• RECORDS FOR PROCESSING
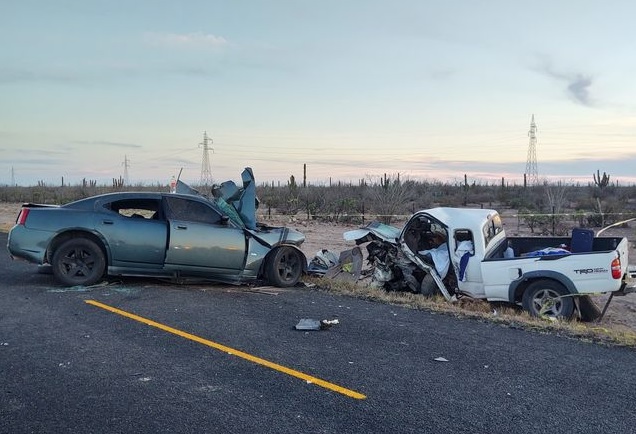 Dos personas fallecidas y dos más lesionadas, uno de ellos un menor de edad, resultado de accidente, tipo choque de frente que se registra esta tarde, en el km. 184.5, tramo carretero Ciudad Constitución-La Paz.
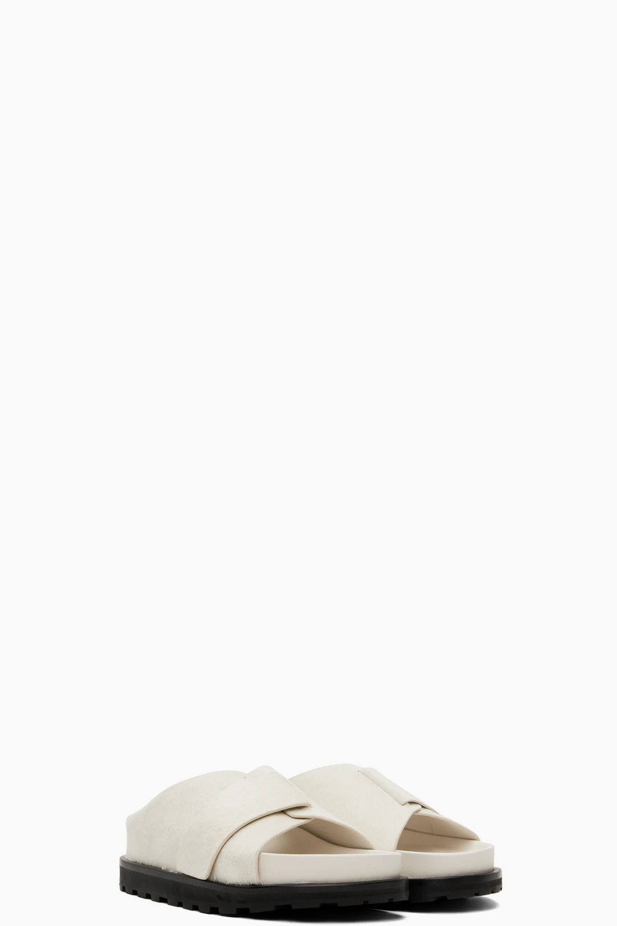 Calf-hair slides in white.
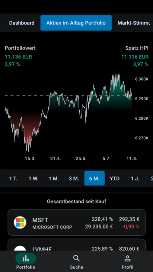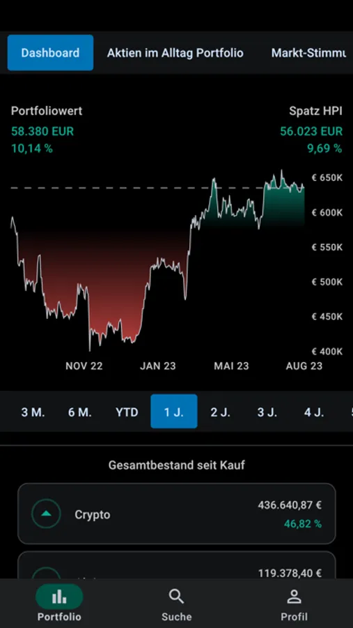 Alle deine Investitionen an einem Ort! Egal ob ETFs, Aktien, Fonds, Cryptos oder Forex. Tracke Depots und Wertanlagen mit der Spatz Webversion oder der iOS App. Tiefe Analysen ermöglichen es, Investitionen optimal zu verwalten und immer den Überblick zu bewahren.
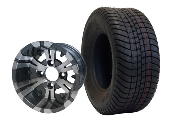 SGC 10" Vampire Machined/Gunmetal Wheel - Aluminum Alloy / STEELENG 205/65-10 Comfort Ride Street Tire DOT approved Tires Combo - Set of 4
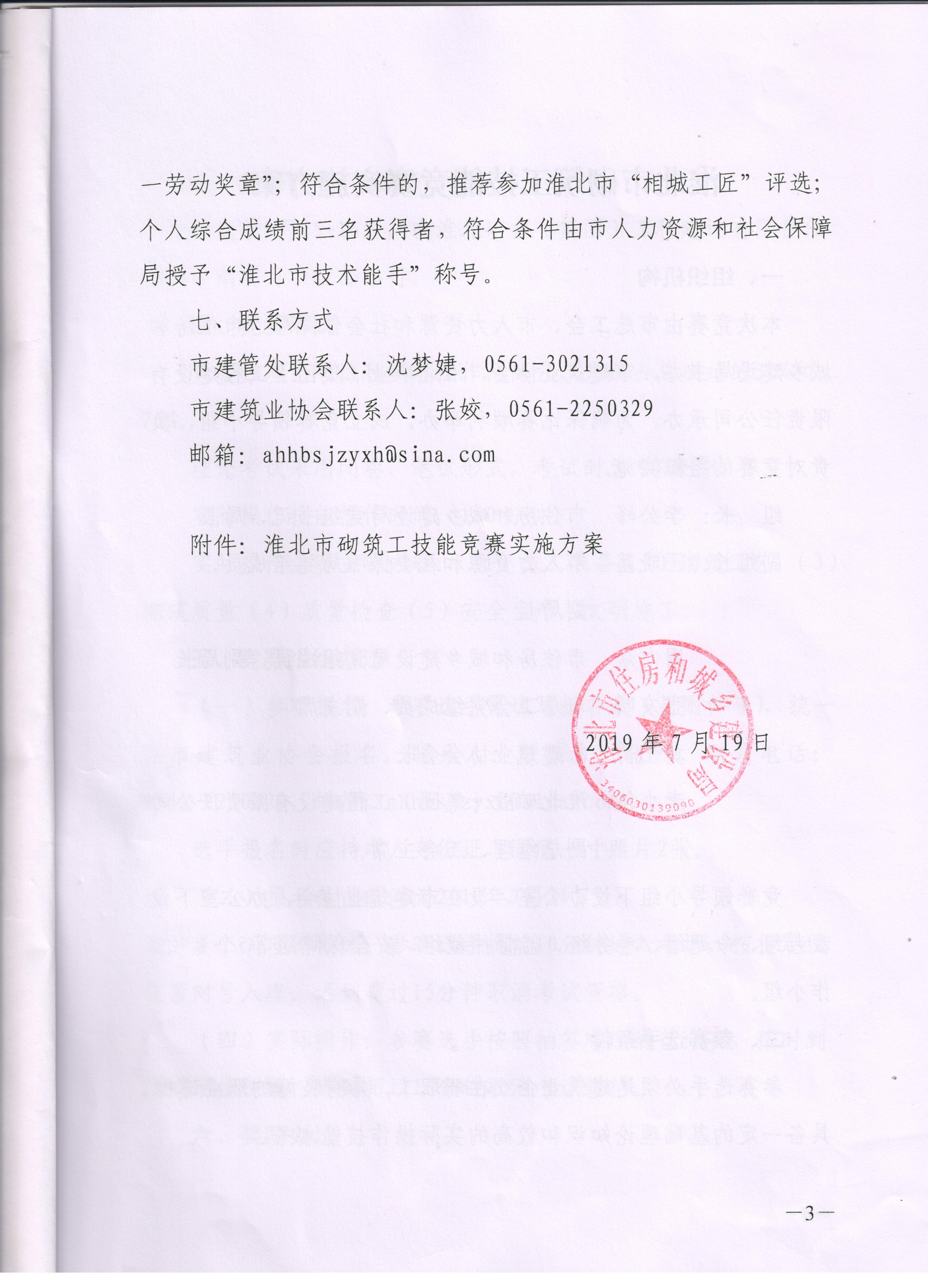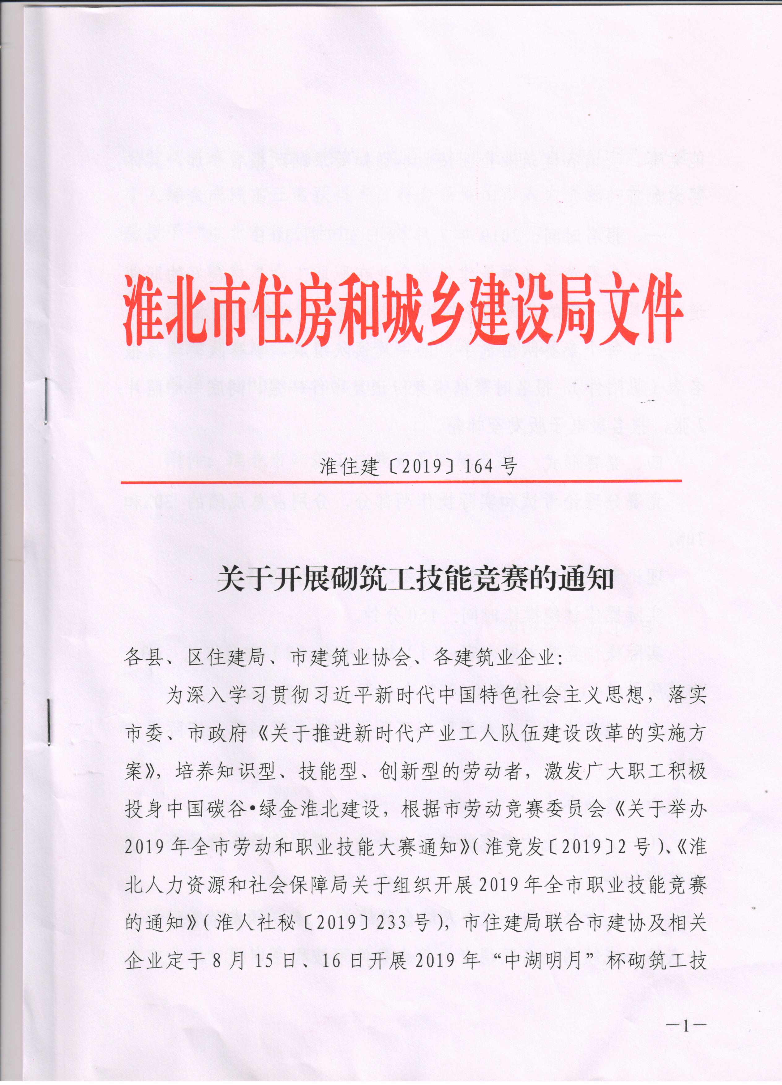 现住建局定于8月15日、16日开展2019年“中湖明月”杯砌筑工技能竞赛,此竞赛对培养技能型人才、激发职工活力有着重要的作用,请各会员单位按照市住建局文件《关于开展砌筑工技能竞赛的通知》(淮建住〔2019〕164号)的要求,积极组织报名工作。相关技能竞赛通知也可通过市住建局网站上进行查询。
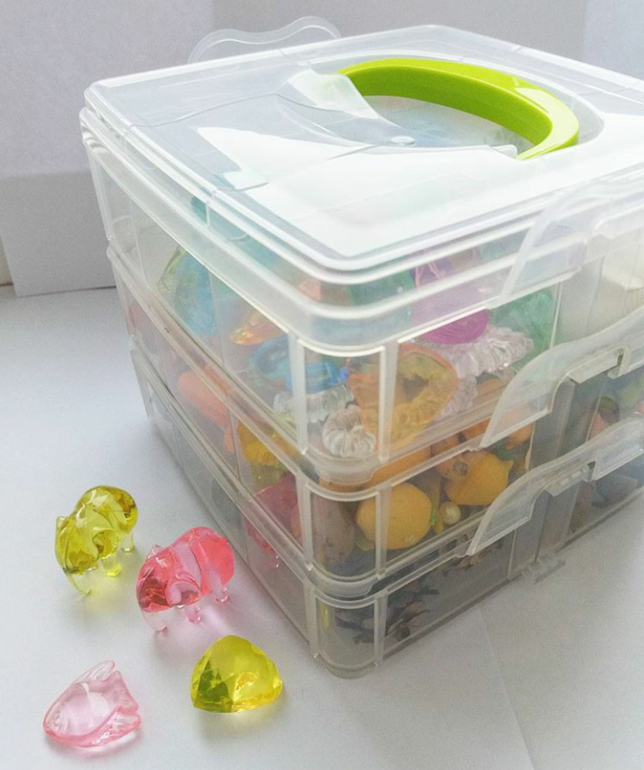 Очень удобно хранить материалы которыми собираемся воспользоваться в ближайшее время в контейнерах от стола из икеа
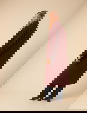 Soft-to-touch in an olive shade, this premium double-faced coat is complete with hand-finished seams. It features an on-trend scarf cape neck and a mock horn button front.
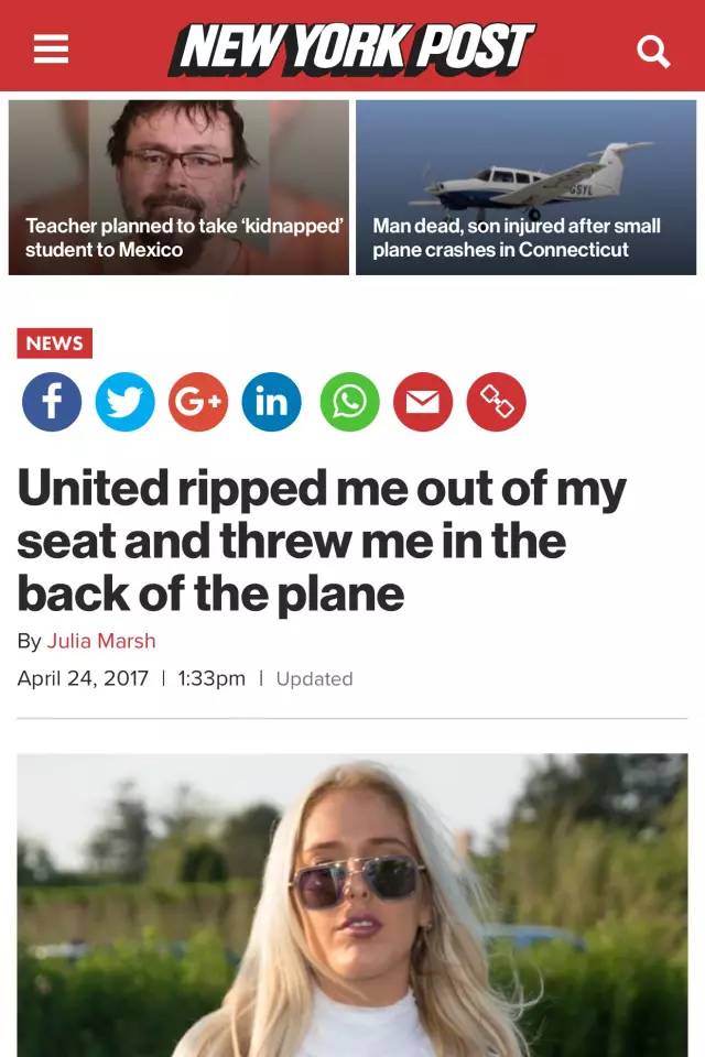 當然,以上都是名媛方單方面的說法,但美聯航就這件事回答記者說,因為案件正在審理中,不做任何回應,所以事實真相現在也無法確定。
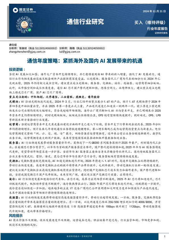 【国金证券】【20241121】通信行业年度策略:紧抓海外及国内AI发展带来的机遇-29页
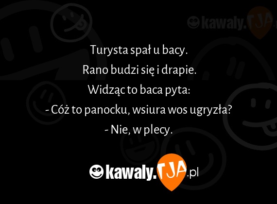 Turysta spal u bacy. Rano budzi sie i drapie. Widzac to baca pyta: - Coz to panocku, wsiura wos ugryzla? - Nie, w plecy.

• TASK REQUIREMENTS
Using the listing above, copy exactly the lines from the one that contains "现住建局定于8月15日、16" through its last line, both included, but not the pictures.

• RESPONSE TO THE EXERCISE
 现住建局定于8月15日、16日开展2019年“中湖明月”杯砌筑工技能竞赛,此竞赛对培养技能型人才、激发职工活力有着重要的作用,请各会员单位按照市住建局文件《关于开展砌筑工技能竞赛的通知》(淮建住〔2019〕164号)的要求,积极组织报名工作。相关技能竞赛通知也可通过市住建局网站上进行查询。
 Очень удобно хранить материалы которыми собираемся воспользоваться в ближайшее время в контейнерах от стола из икеа
 Soft-to-touch in an olive shade, this premium double-faced coat is complete with hand-finished seams. It features an on-trend scarf cape neck and a mock horn button front.
 當然,以上都是名媛方單方面的說法,但美聯航就這件事回答記者說,因為案件正在審理中,不做任何回應,所以事實真相現在也無法確定。
 【国金证券】【20241121】通信行业年度策略:紧抓海外及国内AI发展带来的机遇-29页
 Turysta spal u bacy. Rano budzi sie i drapie. Widzac to baca pyta: - Coz to panocku, wsiura wos ugryzla? - Nie, w plecy.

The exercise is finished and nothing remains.